Без ясной перспективы остался Кокаскеров. Костюков устроил его в гостинице и приказал ждать.
— Мое место, считаю, на фронте. Бить врага, а не ждать, — начал было недовольничать Рашид Кокаскеров, но Костюков резко осадил его:
— Я считал вас пограничником!
У Костюкова имелась идея, но он хотел заручиться поддержкой еще нескольких высоких командиров. Нет, он даже на самую малость не усомнился, что Кокаскеров честен, но все же решил подстраховаться на всякий случай, если вдруг возникнет противодействие. И сделал он это на кладбище, выступая на траурном митинге:
— Мы погрешим перед памятью безвременно погибшего нашего товарища, если не сделаем так, чтобы граница не потеряла славного рода Богусловских…

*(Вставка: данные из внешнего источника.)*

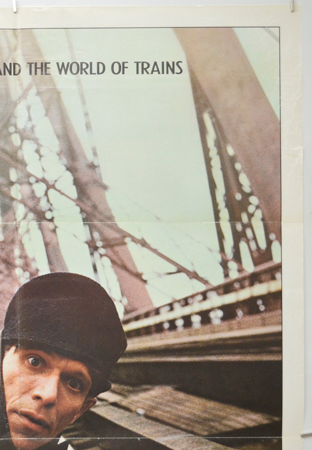Mild edge wear on the top edge including a couple of tiny tears, 18 cm diagonal crease across the top right corner, moderate/heavy surface creasing around the top of the top right corner area, 2 cm tear along with a 1 cm tear and a couple of smaller tears near the top of the right edge, a couple of additional small tears and mild creasing on the remainder of the right edge, tiny piece torn from the right edge (just below center), extremely tiny piece torn from the bottom edge (near left corner), five small tears and mild creasing on the left edge (mostly near the bottom), tiny piece torn from the left edge (below center), small blu-tac grease stain in the left white border (near bottom) and another at the same level in the right white border, small strip of surface paper loss in the left white border (above the top horizontal fold line), three additional light horizontal fold lines completely across the poster (above and below the text at the top), three more additional horizontal fold lines completely across the poster (just below the title), 3 cm vertical white crease line to the right of the train tracks just below the center horizontal fold line, a couple of light surface creases above the man’s hand, 8 cm and a 14 cm diagonal light surface crease within the right of the train tracks (just above the bottom horizontal fold line), additional light surface creases throughout, approximately 8 pinholes near both top corners (some have torn together), 2 to 4 pinholes near the bottom corners, fold wear (white stress marks on and around the fold lines), blu-tac grease/residue on the back of the corners and the backs of the fold lines have yellowed (only noticeable on the front if the poster is held up to the light / backlit), otherwise okay.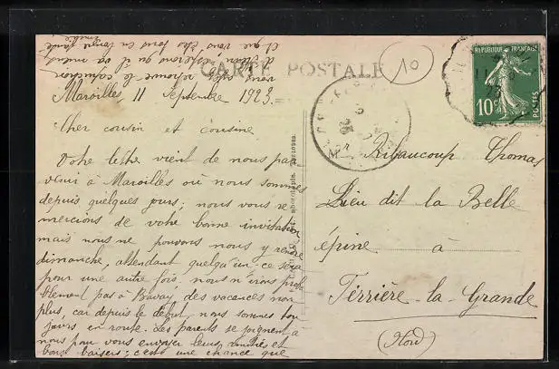 Personenbezogene Daten auf der Rückseite der Karte wurden durch blauen Textmarker unkenntlich gemacht. Die blauen Stellen sind auf die Vorderseite durchgeweicht und wirken sich negativ auf das Postkartenfoto aus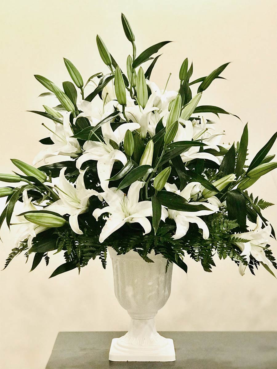 This beautiful breath taken masterpiece, designed with large Siberian lilies blooms, mixed in with designer's fresh greenery.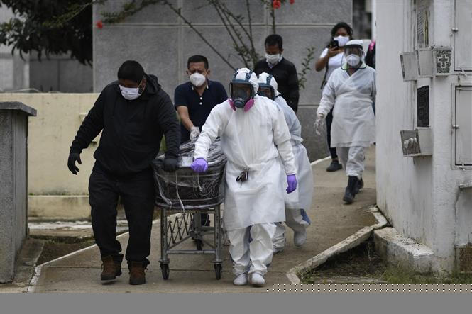 Nhân viên y tế chuyển thi thể bệnh nhân COVID-19 tại Mixco, Guatemala ngày 6/8/2020. Ảnh: AFP/ TTXVN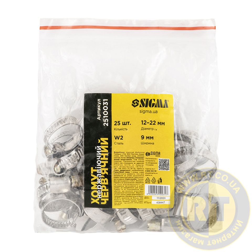 Хомут черв'ячний нержавіючий 9мм D12-22мм 25шт SIGMA 2510031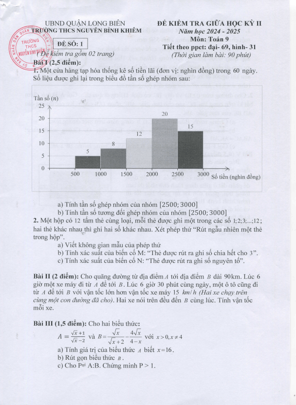 Đề giữa học kỳ 2 Toán 9 năm 2024 – 2025 trường THCS Nguyễn Bỉnh Khiêm – Hà Nội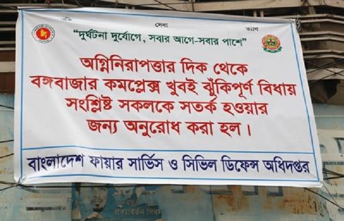 ব্যানারে লেখা হয়েছে, “অগ্নিনিরাপত্তার দিক থেকে বঙ্গবাজার কমপ্লেক্স খুবই ঝুঁকিপূর্ণ বিধায় সংশ্লিষ্ট সকলকে সতর্ক হওয়ার জন্য অনুরোধ করা হল।”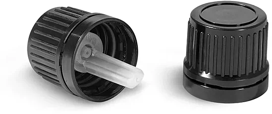 Dispensing Caps, Black Plastic Tamper Evident Caps and Orifice Reducers

Лида заплакала еще горше, стоявшие у гроба генералы согласно закивали, и этого вполне было достаточно для Костюкова. Через день он приехал к Богусловским на квартиру и сообщил:
— Решение такое: Владлен Михайлович едет комендантом участка. На Памир. Начальником штаба к нему — Рашид Кокаскеров. И службе научит, и языку. Лидия Александровна на фронт не возвращается, но раз ехать ей с мужем нельзя, беру ее в наше управление. До декрета поработает. Только одно условие, — умастил шуткой свою серьезную речь Костюков. — Родить, Лида, ты обязана сына. Михаилом его и назовем…

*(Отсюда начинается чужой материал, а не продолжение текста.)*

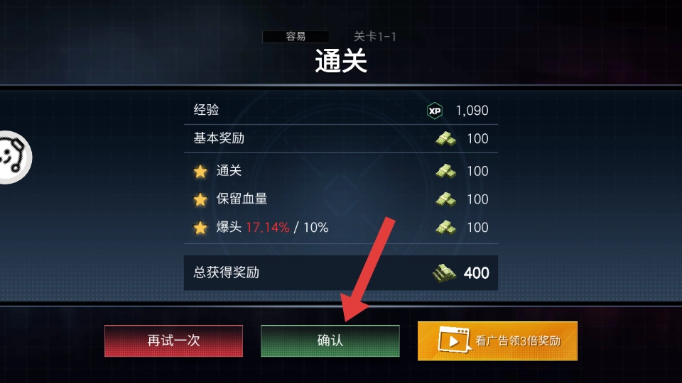 4、成功通关后,查看奖励详情,点击【确认】按钮,即可选择继续挑战后续关卡,或者进行其他操作。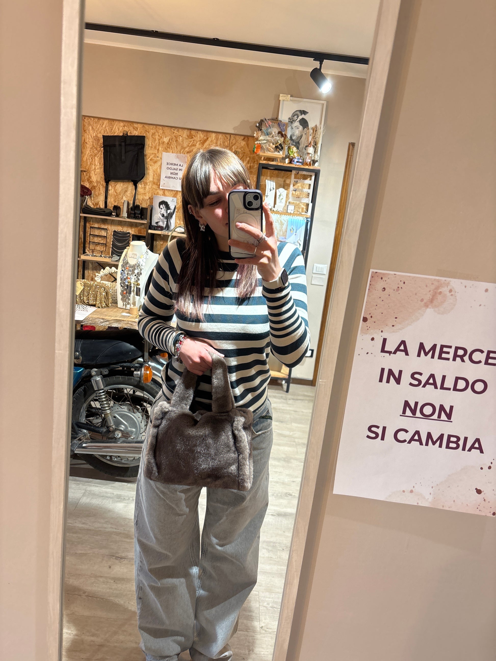 Borsa in simil pelliccia, con manici.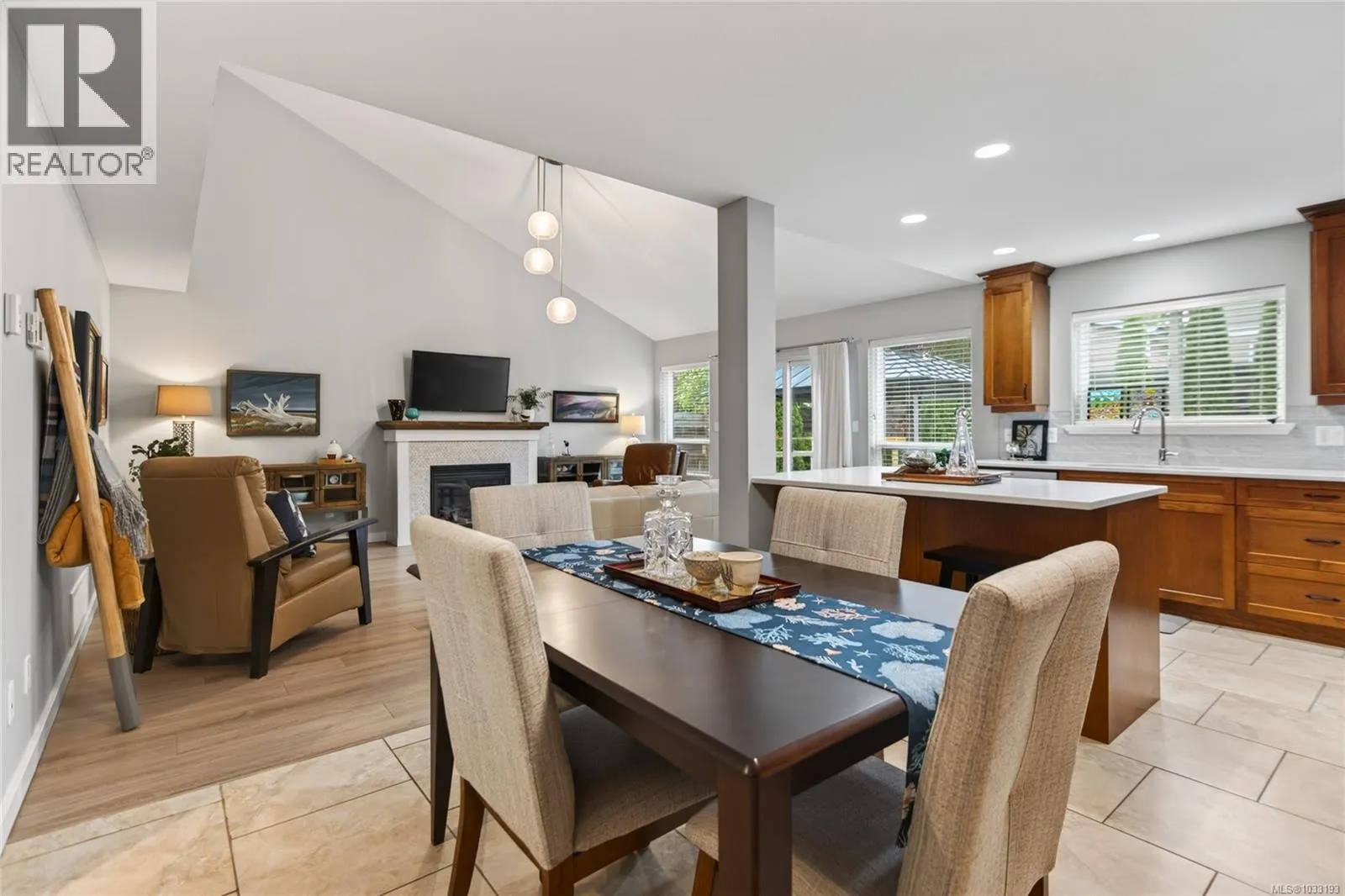 Beautiful 3 bdrm/2.5 bath home with character in a fabulous Comox neighbourhood! Situated on a quiet cul-de-sac this home offers 1737 sf with a modern feel, open plan & updated vinyl plank flooring. Stunning kitchen with a generous amount of cabinetry & quartz countertops extending into the dining area, plus a spacious island with seating space. Vaulted ceiling and gas

— С решением по Лиде я согласен, — прервал Костюкова Владлен. — Ей неплохо будет в Москве. А со мной — тут вопрос. Я не знаю пограничной службы. Самое большое, на что я соглашусь, застава. И то не начальником.
— Но ты же — комбат!
— Батарея — не батальон. И потом… Зенитные войска не пограничные. Поймите, иначе я просто не могу.

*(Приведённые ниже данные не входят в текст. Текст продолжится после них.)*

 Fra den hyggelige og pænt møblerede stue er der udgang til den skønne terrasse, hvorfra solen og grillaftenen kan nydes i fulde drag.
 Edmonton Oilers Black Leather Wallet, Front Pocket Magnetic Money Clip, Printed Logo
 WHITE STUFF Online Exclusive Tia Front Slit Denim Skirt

— Ладно. Будь по-твоему. Твой начальник заставы — Кокаскеров. Поедешь к месту службы твоего дяди. В родные места Кокаскерова.
ГЛАВА СЕМНАДЦАТАЯ
Хотя Костюкову решение взять к себе в НКВД офицера было починно, к тому же он по прямому проводу переговорил с командующим противовоздушной обороны страны, все равно документам о переводе из одного рода войск в другой Владлена и Лидии Богусловских надлежало пройти положенные писарские инстанции, прежде чем лечь на стол для подписи уполномоченному на то командиру, а бюрократизм, он и в армии бюрократизм; дни поэтому шли чередой, Богусловских никто не тревожил, словно о них совершенно забыли. Лишь иногда заходил к ним Рашид Кокаскеров, и тогда тоскливая молчаливость, которая царила в семье Богусловских со дня похорон, немного отступала, но в конце концов разговор перекидывался на тот роковой тост, последний в жизни Михаила Семеоновича, старик Богусловский, сам же начинавший обычно расспросы, с тягостным вздохом покидал гостиную, и Кокаскеров, понимая состояние хозяев дома, спешил откланяться.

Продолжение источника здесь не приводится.